Overview
The proposed study will evaluate the safety and efficacy of XRT followed by systemic therapy among patients with HER2+ metastatic breast cancer and LMD
Description
Breast cancer is the most common cancer among women worldwide, and the second leading cause of brain metastases (BrM). Despite recent treatment advances, the prognosis of patients with breast cancer BrM remains poor, and the prognosis among those with leptomeningeal disease (LMD) is particularly dire with a median survival of only 2-4 months.
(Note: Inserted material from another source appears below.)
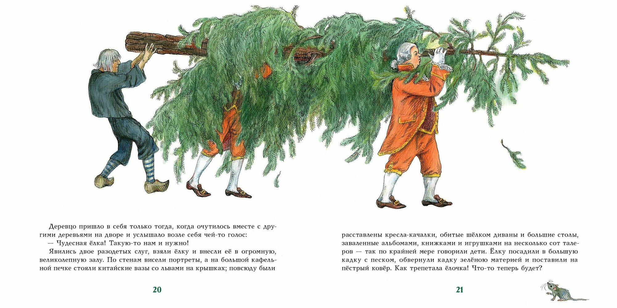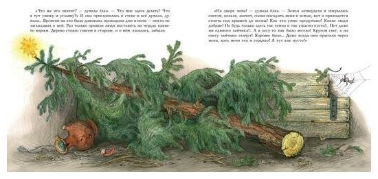 Можно подумать, что история о новогодней елке, но смысл произведения гораздо глубже. Возможно, поэтому с украшенной новогодней елкой всего одна картинка. Не могу сказать, что история совсем детская. Думаю, читатель любого возраста найдет что-то свое.

Patients with HER2+ metastatic breast cancer have a high life-time risk of central nervous system (CNS) metastases, with an approximately 50% lifetime risk. Although the cause of death among patients with breast cancer BrM is challenging to ascertain, approximately 50% of patients with HER2+ BrM are thought to die from central nervous system (CNS) disease involvement. Among patients with LMD specifically, the cause of death is most commonly related to CNS disease.
In an analysis of 430 patients (96 of whom had breast cancer) treated for LMD in the National Cancer Database between 2005 and 2014, those patients treated with chemotherapy plus radiotherapy had a longer median overall survival of 5 months (3.5 - 6.5 months) compared to patients treated with XRT or chemotherapy alone. In addition, a majority (n=18/26, 69%) of observational studies irrespective of primary tumor site have shown an "improvement or likely improvement" in survival with the use of XRT for LMD, either alone or in combination with systemic therapy. Hence, this proposed study will evaluate the safety and efficacy of XRT followed by systemic therapy (which is considered standard of care) among patients with HER2+ metastatic breast cancer and LMD.
Eligibility
Inclusion Criteria: Phase 1
- Men or women with HER2+ metastatic breast cancer.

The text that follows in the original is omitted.